Dr Asme Boussahel, at the University of Bristol, is a research fellow working with Professor Adam Perriman. She’s developing a tissue-on-a-chip device which will mimic the composition and function of the subcutaneous tissue in controlling drug absorption. This novel organ-on-a-chip will reflect the intricacies of blood flow and fluid movement within the subcutaneous tissue and enable Dr Boussahel to study drug absorption.

To re-create the subcutaneous tissue, Dr Boussahel is using hydrogel. This is a material that can absorb substances (such as cells) and maintain a defined shape and is commonly used for producing contact lenses and wound dressings. She’s introducing cells called adipocytes (fat cells) and macrophages (immune cells) which are thought to play a significant role in drug absorption by interacting with drugs or degrading them. Fluids will also be incorporated into the 3D model to better reflect natural subcutaneous tissue. Dr Bouhassel aims to study how adipocytes and macrophages interact with each other, with drugs, and how these interactions impact drug absorption.

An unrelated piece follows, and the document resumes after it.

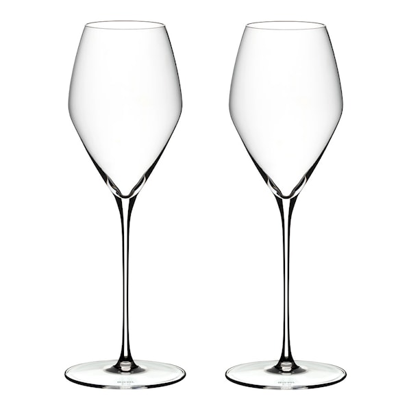 Riedels serie Veloce har fått sitt namn från italienskans ord för snabb. De vackra vinglasen utmärker sig med en kupa i tunn kristall och en smal, hög stam. Den eleganta känslan förstärks av att kuporna har en diamantformad design. Precis som Riedels andra glasserier är Veloce-glasen druvspecifika. På foten av varje glas finns en märkning som säger vilken druva kupan passar till.

The structure of human skin. The epidermis and dermis form the upper layers of skin. The subcutaneous tissue (also known as the hypodermis) is the fat layer below the skin. Drug absorption from the fat rich subcutaneous tissue occurs through either capillaries (red) or lymphatic vessels (green)

Dr Boussahel plans to optimise the model so that it can be used to test as many drugs as quickly possible and it is fit for purpose for industrial use. She will validate her model by comparing the results of drug absorption tests using her model to those that have come from human datasets held by pharmaceutical companies. Dr Boussahel will also try to engage with regulatory approval agencies to determine how the model can be approved for use in the drug development process.

Replacing animals in drug testing

Pharmaceutical companies developing drugs for injection into the subcutaneous tissue rely heavily on animal testing to determine absorption rates. They first assess different species to find which are most appropriate for the drug tests and then carry out several rounds of animal experiments to test different recipes of the drug. Predicting human drug absorption using animals is not only unethical but costly, time consuming, and inefficient due to differences in the subcutaneous tissue in humans and animals. And around 92% of drugs that show promise in animal experiments fail to translate to benefits for people.

Impact of the research: benefits for humans and animals

This pioneering model of the human subcutaneous tissue will offer a unique solution that replaces animals used for the development of subcutaneously injected drugs. This will lead to more efficient, reliable and safer treatments, considerably improving patients’ health whilst saving animals’ lives.